Dalam sebuah seri televisi berjudul In Treatment, pada satu titik, tokoh utamanya, Paul Weston, yang diperankan dengan sangat baik oleh Gabriel Byrne, meragukan kemampuan dirinya sebagai terapis. Ia meragukan efektivitas dari sesi-sesi yang ia berikan pada klien-kliennya. Ia meragukan ilmu yang ia pelajari, bidang yang telah ia geluti selama lebih dari 20 tahun. 

Adegan ini menyentuh saya karena saya sempat merasakan hal yang sama. Saya merasa tidak efektif membantu orang lain. Semua percakapan dan sharing sepertinya hanya sia-sia.

Namun, merujuk pada mitologi Psikhe, saya tersadar bahwa psikolog/konselor/terapis, atau apa pun kita mau menamakannya, memang tidak dapat mengubah hidup orang lain. Tetapi ia dapat mendampingi, membantu, dan menguatkan orang lain untuk mengambil keputusan atas hidupnya sendiri. 

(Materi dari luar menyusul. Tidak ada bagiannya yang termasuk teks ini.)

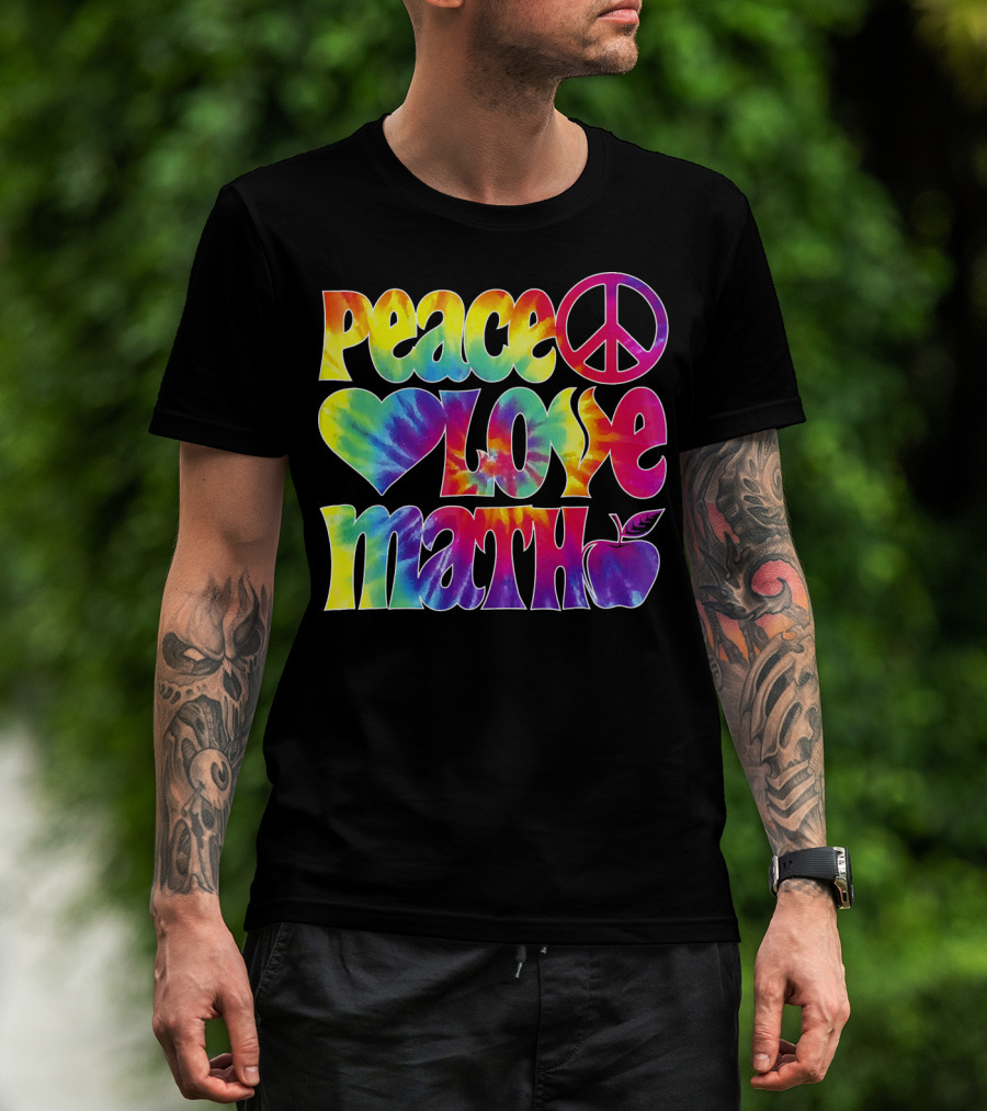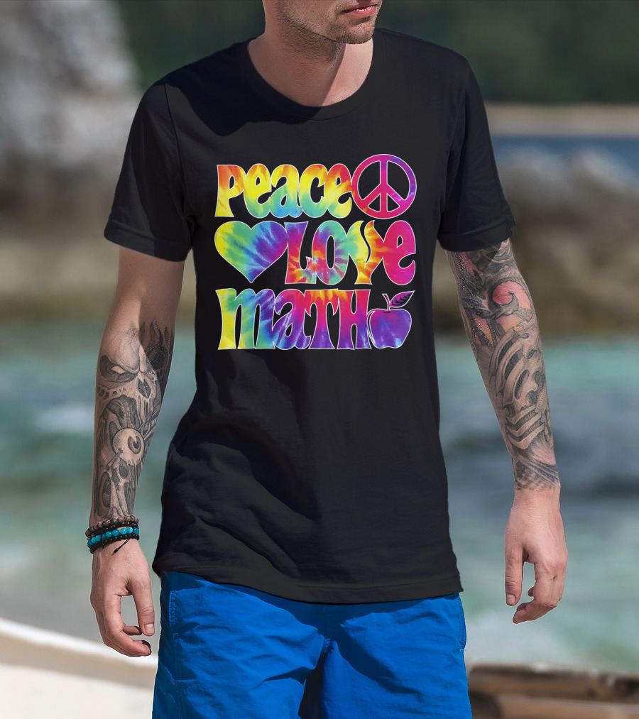 Peace Love Math Teacher Tie-Dye Symbols T-Shirt

Saya kira psikolog dapat dan perlu membantu psikhe-psikhe yang putus asa dan kehilangan arah untuk kembali menemukan kekuatan diri. Dan psikolog ataupun bukan, kita dapat menerapkannya untuk diri kita sendiri. 

Kita dapat menciptakan hidup yang indah sekelam apa pun masa lalu kita, sepahit apa pun peristiwa yang pernah kita alami, seberat apa pun persoalan hidup yang sedang kita jalani, dan apa pun tantangan hidup yang menanti kita. 

Kitalah penanggung jawab atas hidup kita sendiri. Di tangan kita terletak pilihan itu. Selama manusia hidup, kita tentu tidak dapat melepaskan diri dari masalah. Tetapi masalah tidak akan menghambat kita untuk mewujudkan hidup yang indah. Kita hanya perlu belajar menyelesaikan masalah-masalah tersebut. 

Yakinlah, seperti yang ditunjukkan dalam mitologi Psikhe, kita sebenarnya sudah punya kekuatan dalam diri kita sendiri untuk itu. Tentu tanpa mengabaikan dukungan dan bantuan dari keluarga, pasangan, teman-teman, dan sumber kekuatan yang Di Atas jika rekan-rekan memiliki dan meyakiniNya.